🍗✨🧿 🍍Sticky Pepper Pineapple Chicken Wings 🍗✨🧿
Ingredients
Brine
- 4 cups water
- 1/4 cup kosher salt
- 5-6 Bay leaves
- 1 tbsp white wine vinager
- 2 lbs chicken wings
For sauce
- 1 cup bell peppers chopped red ,orange ,yellow
- 1 medium onion chopped
- 2 Garlic cloves chopped
- 1/2 cup pineapple chunks fresh or canned drained
- 1/2 cup ketchup
- 3 tbs soy sauce
- 1/4 cup brown sugar
- 1/4 cup white sugar
- 1/4 cup rice vinegar
- cornstarch slurry 1 tbsp cornstarch 2 Tbsp water mixed together set aside
- 2 tsp Gochujang, Hot Pepper Paste
- 1 tbsp honey
- 1/2 cup water stat with 1/4 add more as needed for constancy
coating
- 1.5 cups Flour
- 1/2 cup cornstarch
- 1 tbsp Garlic powder
- 1 tsp smoked paprika
- ground pepper and salt
- 3 large eggs
Instructions
- in a pot add one cup of water add in kosher salt bring to a boil remove from heat add 3 cups of water to cool add in bay leaves and vinegar. add wings to brine and cover for 4- 8 hours or overnight is best.
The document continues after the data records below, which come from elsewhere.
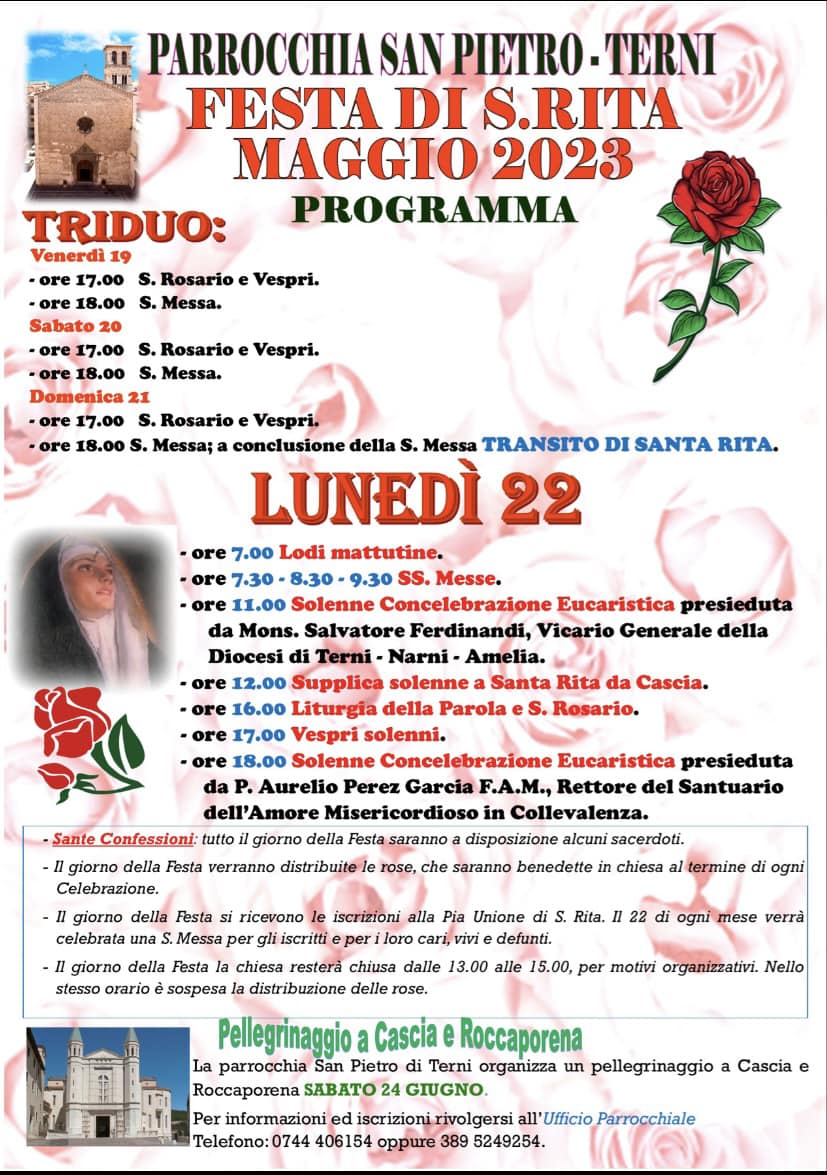 Lunedì 22 maggio saranno celebrate le sante messe alle ore 7.30 – 8.30 – 9.30 e alle 11 Solenne Concelebrazione Eucaristica presieduta da Mons. Salvatore Ferdinandi vicario generale della Diocesi. Alle ore 12 Supplica solenne a Santa Rita da Cascia – Alle ore 18.00 Solenne Concelebrazione Eucaristica presieduta da padre Aurelio Perez Garcia rettore del santuario dell’Amore Misericordioso di Collevalenza.
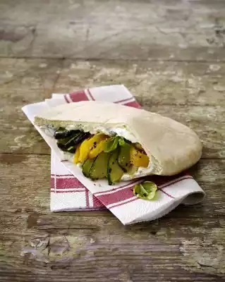 Season vigorously with salt and pepper. Place the pita pockets in the toaster with the markings facing upwards and toast. Remove, let cool briefly, cut off at the mark, spread with cream from the inside.
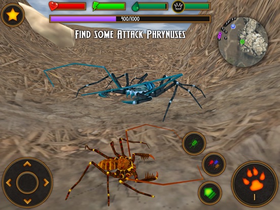 Beware Arachnophobes, the Phrynus are coming!! Also known as the whip spider or tailless whip scorpion, its the creature that looks like a combination of a spider and a scorpion. In this game, you take Control of your very own arachnid and head out to a huge insect world. Establish your colony, feed the Queen, find Worker and attack arachnids, and go out in search of the insect bosses. The ultimate insect simulator you have been looking for.
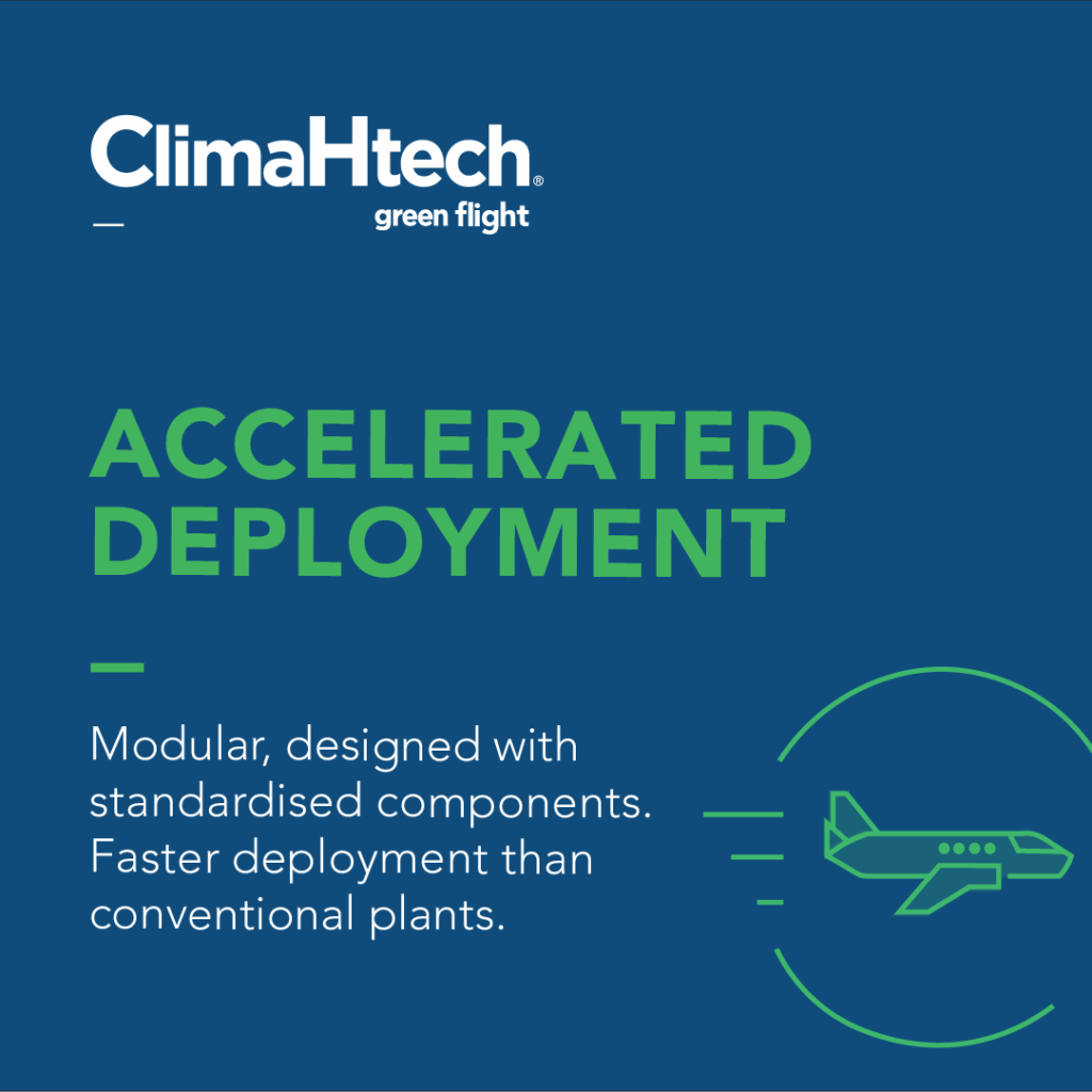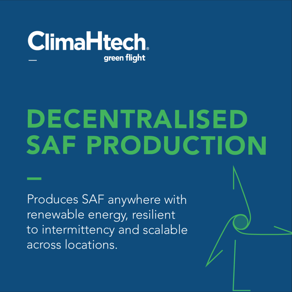 ClimaHtech Green Flight offers SAF production (e-SAF and Bio-SAF) via renewable electricity and sustainable biomass in a modular, decentralised, and scalable system.
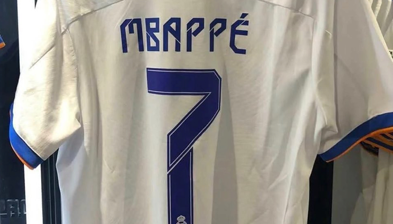 레알 마드리드 공식 스토어에 걸린 음바페 유니폼.jpg
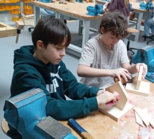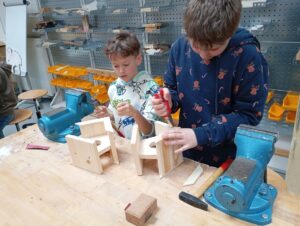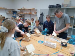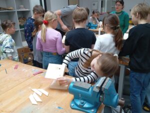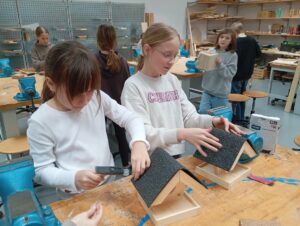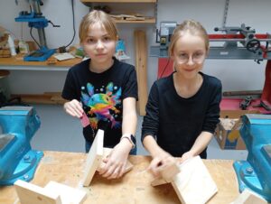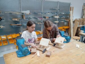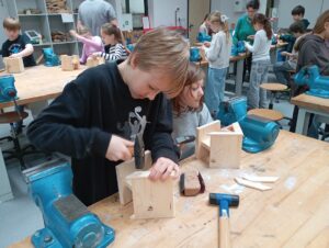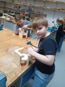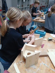 Děti opracovávaly dřevěné díly a podle instrukcí krmítko zkopletovaly.
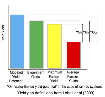 Both of our Class 5 readings focus on cereal yields because of the important role of cereals in supplying food energy. The paper by Lobell et al. (2009) defines different types of yield gaps that rely on different methods for estimating yield potentials. The accompanying figure summarizes these definitions. The ideal site-specific yield potential is an upper limit on yield that is achieved when the crop is not subject to stress from controllable factors, such as nutrient limitations. Uncontrollable site-specific factors that affect yield potential include solar radiation, temperature, and water availability (for rainfed systems). The potential value can be inferred from crop growth models, field experiments, or observed maximum farmer yields. The authors suggest that, although it may be possible to increase yield potential, that will require fundamental changes in plant function that go beyond improvements in management practices. Examples include the high yield cereals bred during the twentieth century “Green Revolution” discussed in Class 11.
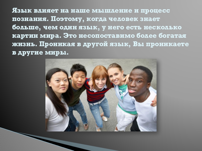 Слайд 13Язык влияет на наше мышление и процесс познания. Поэтому, когда человек

- in mixing bowl add sugars, soy sauce, ketchup ,vinegar , Hot Pepper Paste, honey, 1/4 cup of water mix well with whisk until all sugars have dissolved and add to skillet and simmer for 2-3 minutes add cornstarch slurry until reached diserd consistancy. (if sauce is too thick loosen it with water) add peppers, pineapple onions and garlic cook on low
- whisk eggs and about 2tbs of water and sal and pepper Remove the chicken from the brine add in the egg mixture make sure the wings are fully coated.
- in bowl mix flour ,cornstarch ,garlic powder ,pepper and smoked paprika and dredge the chicken in the flour mixture one at a time.. making sure flour has coated each chicken wing,
- heat oil in heavy pan 350 degrees and fry wings in batches for 6-10 minutes until golden and crispy ad cooked through drain on paper towelstoss wings in sauce and serve over rice
- garnish with red pepper flakes and parsley and sesame seeds
Notes
if you want to reserve about 3 tbs of pineapple juice and add to sauce to sweeten it I recommend it.